Della scuola non era rimasto nulla, solo un gran polverone. Fortunatamente non c’erano bambini al momento dell’esplosione… Non si può dire però che questi bambini non siano stati feriti. Ad essere ferita, in particolare, è stata la loro infanzia: i russi, con i loro eserciti, le loro bombe, i rifugi a cui li hanno obbligati, hanno privato i nostri bambini di quell’innocenza tipica della loro età. Gli è stato prontamente insegnato che in un certo periodo della giornata la luce del sole non gli era concessa, che forse non tutti i giochi che si trovano per strada sono divertenti perché alcuni esplodono, che se non rivedevano un amico poteva essere volato in cielo insieme agli altri 356 bambini che hanno perso la vita dal 24 febbraio al 10 agosto.

Il mondo si è tanto inquietato vedendo che risultati ha avuto sui bambini quella che ci piace chiamare “l’era Covid” con il tono drammatico dei resilienti, ma ora, quello stesso mondo, spaventato dall’ipotesi di una guerra nucleare, si occupa di economia e dimentica i bambini e i loro diritti.

Nei disegni di Katerina da mesi si gioca a trova la bomba; in quelli di Alexander gli uomini sono sempre in armatura militare, per lui tratto distintivo del genere maschile quanto la gonna per la figurina sulla porta del bagno delle donne; Valentina insegna ai fratelli come razionare le merendine e Anne gioca all’infermiera da campo.

Si sente dire che le guerre sono come pandemie, perché infestano le popolazioni e mietono vite: la differenza tra la pandemia e la guerra è che in guerra non c’è scuola. Non c’è scuola e non c’è informazione. La famosa DAD in guerra non può esistere, perché in guerra si sorteggia per decidere chi avrà la possibilità di caricare il telefono, perché in guerra il Wifi non prende, perché in guerra il diritto all’istruzione perde di significato come quello all’informazione.

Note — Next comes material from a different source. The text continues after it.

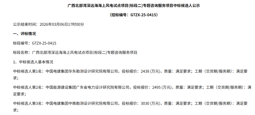 3月3日,广西投资集团电子采购平台发布广西北部湾深远海海上风电试点项目标段一、标段二专题咨询服务项目中标候选人公示的公告。

Da mesi in Russia circolano solo le informazioni che vogliono far circolare pur di convincere i loro soldati che schiacciare padri, madri e bambini sia giusto. A renderlo giusto sarebbe la differenza culturale, o meglio, la nostra inferiorità; scommetto che, dall’altra parte del fronte, ci sono una Katerina, un Alexander, una Valentina e un’Anne che riflettono le sofferenze nei loro disegni, senza sapere che qui i bambini fanno lo stesso. Senza questi diritti non si vive, si sopravvive.

Nonostante ciò, però, istruzione e informazione ci sembrano superflue in confronto al più grande diritto al mondo: il diritto alla vita. Si sa, in guerra la vita è a rischio, ma vedere che quella vita viene spenta sul nascere fa ancora più specie; l’ultimo esempio è quello di Zaporizhzhia, dove la bomba, questa volta, è caduta sul reparto di maternità in cui è morto un neonato.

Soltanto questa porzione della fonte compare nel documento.